If elections are about perception, then the BJP won Gujarat even before Rahul Gandhi launched his extensive campaign in the state. In the last few months, much has been made about his aggressive campaigning in the state. About the Patidars and Hardik Patel's electoral speeches. About GST and the impact it has on the traders in Surat and in the business community.

Commentators sitting in Delhi talk about Modi-Shah getting the jitters over the prospect of losing Gujarat. Much of it could be true if Gujarat were just any other state in the country, its political history not as deeply polarised and vulnerable as that witnessed over the last two decades.

I have reported from Gujarat for over a decade, written a book on it, tried to understand the psyche of those who ruled the state from its ministers, bureaucrats to the Gujarati on the street. As I write this, one major opinion poll has predicted a neck-and-neck fight. I do not agree, but yes, the Indian electorate is an unpredictable entity.

In the meantime, Finance Minister Arun Jaitley has helped us explain why the BJP will lead in Gujarat. He made a statement yesterday: "BJP has always been seen as a pro-Hindutva party, so if an original is available, why one would prefer a clone?"

 Neither Arun Jaitley nor any of his party leaders including the Prime Minister have displayed any ambiguity over their Hindutva credentials specially in Gujarat. It is a state where the former CM and now PM has made the most polarising statements, drawing massive support from the crowd. In 2007, the election that followed the 2002 Gujarat carnage, Modi was to talk of development. He began his election campaign with a speech (where I was present) asking the crowd  "Sohrabuddin, What would you want me to do with a man like him?" The audience responded in unison, "Kill him". Modi was playing to the gallery then, he is playing to the gallery today.

This year, Modi brings in "Aurangzeb" as the election closes in, his colleague from Uttar Pradesh has been providing flawed narratives on the Taj Mahal. Sitting in Delhi, some of us may outrage over the brazen bigotry but back in Gujarat, the sentiment has been explicitly conveyed, just like the crafty slogans in 2014 that referred to the Congress as the "Delhi sultanate". Another news report this morning  talks of the BJP using posters in Gujarat hardly concealing its agenda.

The poster has two warring factions; HAJ (Hardik, Alpesh and Jignesh) and RAM (Rupani, Amit Shah and Modi). This does not need an explainer.

For the Gujarati who has been voting for the BJP, or rather Modi, he is the man who emblazoned Gujarati Asmita by giving Gujarat not just the Prime Minister but also the BJP president.

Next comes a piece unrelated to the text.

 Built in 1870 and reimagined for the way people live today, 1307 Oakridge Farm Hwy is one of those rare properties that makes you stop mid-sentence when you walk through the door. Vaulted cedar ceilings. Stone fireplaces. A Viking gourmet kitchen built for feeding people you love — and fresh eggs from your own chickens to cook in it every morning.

A couple of months ago, I spoke to a diamond trader on a dharna in Surat against the GST. He was upset with the Modi regime for hitting at his livelihood. So your anger will reflect in the upcoming poll, I asked. "Na ben, jaruvat pade toh ghar bhej denge usko election jitaane ke liye" ( If need be, we will sell our belongings to help him win).

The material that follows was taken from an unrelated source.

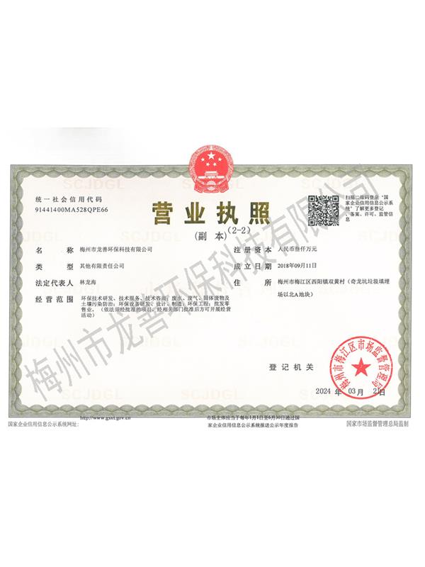 梅州市龍善環(huán)保科技有限公司為龍善環(huán)保股份有限公司(簡稱“龍善環(huán)保”)子公司。龍善環(huán)保于1995年12月成立,注冊資本為人民幣6,000萬元,總部位于深圳市南山區(qū)月亮灣大道2078號兆龍大樓16層。公司經(jīng)生態(tài)環(huán)境部、廣東省生態(tài)環(huán)境廳、深圳市生態(tài)環(huán)境局、深圳市交通運輸委員會、深圳海事局等部門許可專業(yè)從事陸地和海洋環(huán)境保護產(chǎn)業(yè)的高科技民營企業(yè),主要經(jīng)營業(yè)務包括工業(yè)廢物收運、資源化利用和無害化處理處置、海洋船舶污油水接收和集中處理處置、突發(fā)環(huán)境事故清污應急處置等......

To the aspirational Gujarati, Modi may not have offered much since he took over as the Prime Minister. But as the CM, he successfully sold the idea of putting Gujarat on the world map with the much-hyped Vibrant Gujarat summit seeking investments and hosting global investors. A week-long PR affair worked well for the Gujarati who took pride in being the most advanced state in the country. That most of the MoUs signed at the summit never materialised was another story. But Modi had sold the global dream to the Gujarati youth much like the Madison Square song and dance he sold to the youth across the country.